"
"Safe--safe?" mused Mother Borton, an absent look coming over her
skinny features, as though her mind wandered. Then she turned to me
impressively. "You'll never be safe till you change your work and your
name. You've shut your ears to my words while I'm alive, but maybe
you'll think of 'em when I'm in my coffin. I tell you now, my boy,
there's murder and death before you. Do you hear? Murder and death."
She sank back on her pillow and gazed at me with a wearied light in her
eyes and a sibyl look on her face.
"I think I understand," I said gently. "I have faced them and I ought
to know them."
"Then you'll--you'll quit your job--you'll be yourself?"
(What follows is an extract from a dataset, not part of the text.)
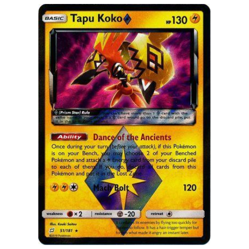 Brilho celestial com velocidade relâmpago! O Tapu Koko Estrela Prisma (51/181) entra em campo com energia eletrizante e habilidades únicas, perfeito para treinadores que valorizam jogadas rápidas, impacto estratégico e uma presença lendária com aura divina! ⚡????????️

"I can not. I must go on."
"And why?"
"My friend--his work--his murderer."
"Have you got the man who murdered Henry Wilton?"
"No."
"Have you got a man who will give a word against--against--you know
who?"
"I have not a scrap of evidence against any one but the testimony of my
own eyes," I was compelled to confess.
"And you can't use it--you dare not use it. Now I'll tell you, dearie,
I know the man as killed Henry Wilton."
"Who was it?" I cried, startled into eagerness.
"It was Black Dick--the cursed scoundrel that's done for me. Oh!" she
groaned in pain.
"Maybe Black Dick struck the blow, but I know the man that stood behind
him, and paid him, and protected him, and I'll see him on the gallows
before I die."
"Hush," cried Mother Borton trembling. "If he should hear you! Your
throat will be cut yet, dearie, and I'm to blame.